Information ->

....................

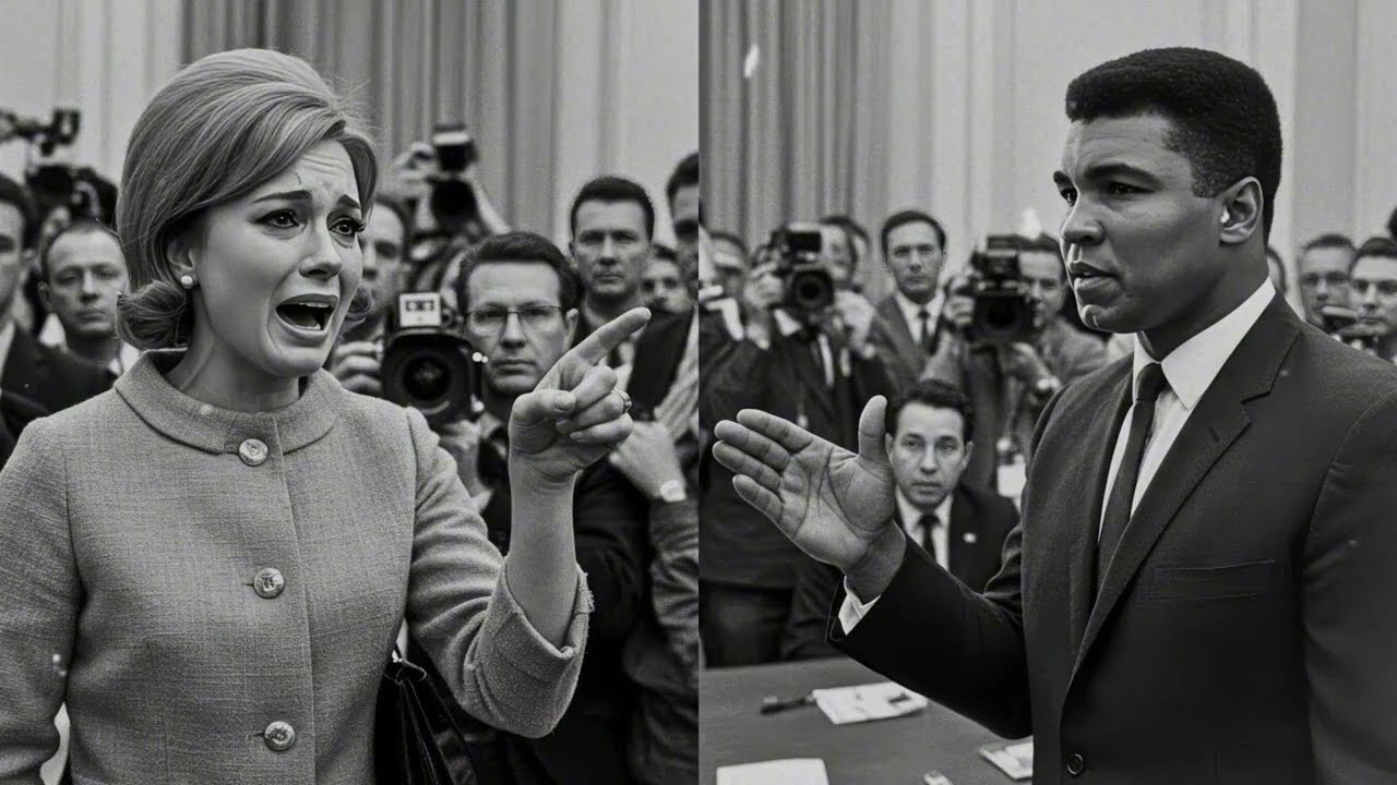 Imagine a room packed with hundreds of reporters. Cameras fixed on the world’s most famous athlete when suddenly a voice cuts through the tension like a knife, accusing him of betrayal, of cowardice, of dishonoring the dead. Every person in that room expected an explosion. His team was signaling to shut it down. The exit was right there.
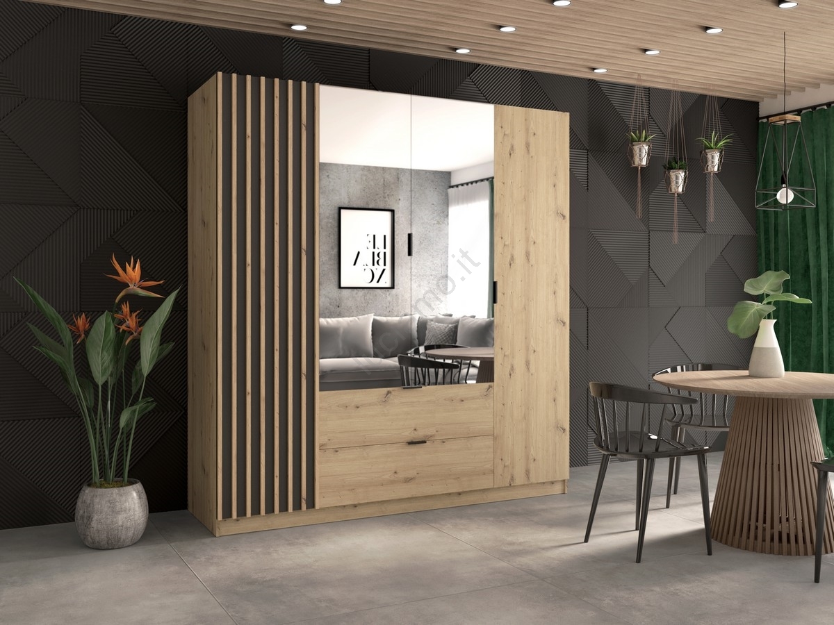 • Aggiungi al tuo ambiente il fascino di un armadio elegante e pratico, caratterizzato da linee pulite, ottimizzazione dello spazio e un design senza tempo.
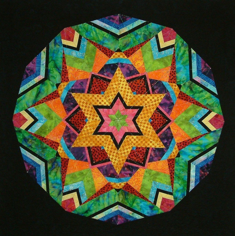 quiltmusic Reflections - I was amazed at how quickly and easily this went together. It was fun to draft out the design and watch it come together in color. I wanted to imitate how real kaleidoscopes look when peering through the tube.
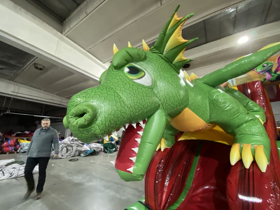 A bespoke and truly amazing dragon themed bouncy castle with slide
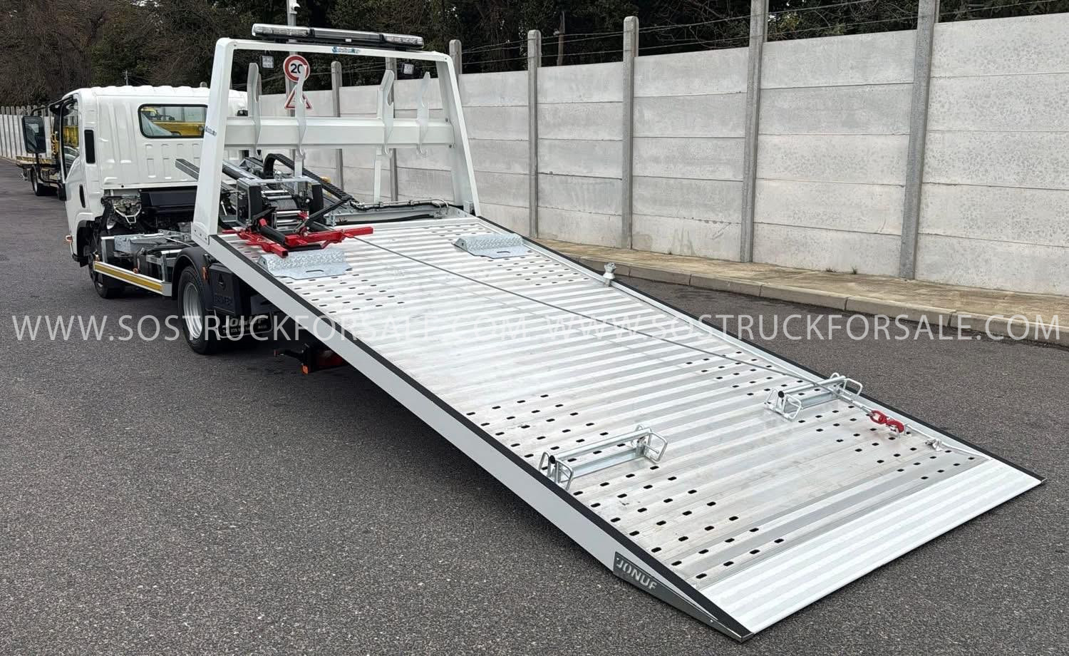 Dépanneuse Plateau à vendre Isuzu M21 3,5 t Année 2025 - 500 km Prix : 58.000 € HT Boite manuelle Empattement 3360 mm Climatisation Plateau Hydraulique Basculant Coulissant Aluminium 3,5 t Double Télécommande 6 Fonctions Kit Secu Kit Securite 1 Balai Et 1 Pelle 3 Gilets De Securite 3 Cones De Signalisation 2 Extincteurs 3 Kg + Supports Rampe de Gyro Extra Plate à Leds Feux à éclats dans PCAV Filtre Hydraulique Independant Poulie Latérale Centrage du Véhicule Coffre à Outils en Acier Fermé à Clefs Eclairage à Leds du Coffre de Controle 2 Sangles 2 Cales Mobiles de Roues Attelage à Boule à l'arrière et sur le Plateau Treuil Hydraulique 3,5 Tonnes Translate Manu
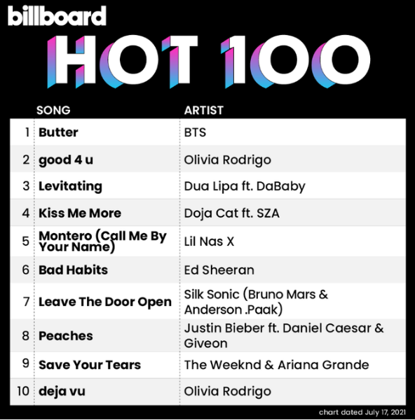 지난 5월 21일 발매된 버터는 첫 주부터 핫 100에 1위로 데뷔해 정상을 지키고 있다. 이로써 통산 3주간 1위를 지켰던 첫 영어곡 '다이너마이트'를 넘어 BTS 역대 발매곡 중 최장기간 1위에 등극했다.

....................

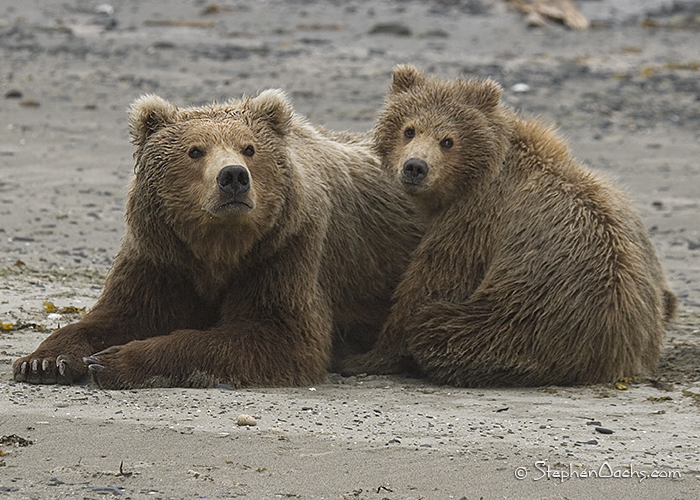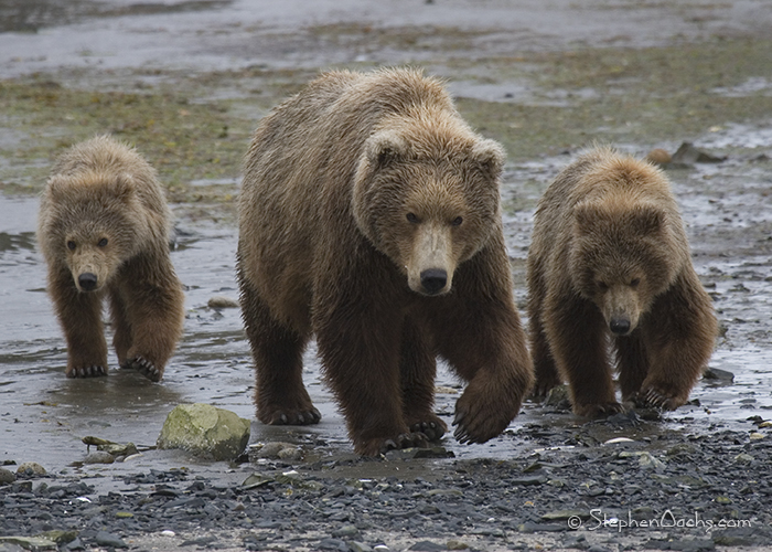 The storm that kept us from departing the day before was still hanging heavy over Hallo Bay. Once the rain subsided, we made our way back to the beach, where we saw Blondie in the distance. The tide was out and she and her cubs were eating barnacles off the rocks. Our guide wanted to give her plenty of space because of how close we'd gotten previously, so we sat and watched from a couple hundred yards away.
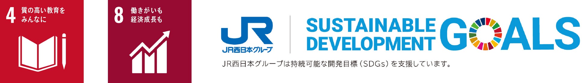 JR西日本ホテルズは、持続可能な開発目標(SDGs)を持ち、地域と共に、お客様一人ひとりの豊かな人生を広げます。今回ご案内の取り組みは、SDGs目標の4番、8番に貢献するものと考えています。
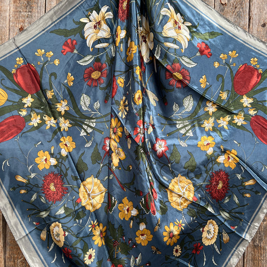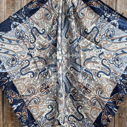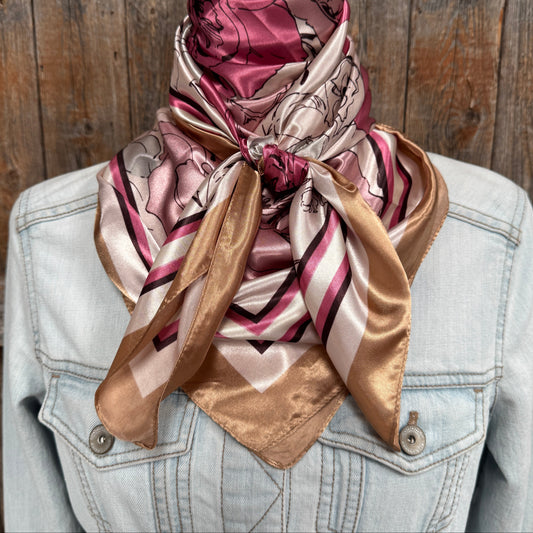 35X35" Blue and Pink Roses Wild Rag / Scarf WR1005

....................

Where a picture appears in the records above, omit it, and transcribe exactly the stretch of lines from the one with "The storm that" through the one with "Rag / Scarf WR1005".

 The storm that kept us from departing the day before was still hanging heavy over Hallo Bay. Once the rain subsided, we made our way back to the beach, where we saw Blondie in the distance. The tide was out and she and her cubs were eating barnacles off the rocks. Our guide wanted to give her plenty of space because of how close we'd gotten previously, so we sat and watched from a couple hundred yards away.
 JR西日本ホテルズは、持続可能な開発目標(SDGs)を持ち、地域と共に、お客様一人ひとりの豊かな人生を広げます。今回ご案内の取り組みは、SDGs目標の4番、8番に貢献するものと考えています。
 35X35" Blue and Pink Roses Wild Rag / Scarf WR1005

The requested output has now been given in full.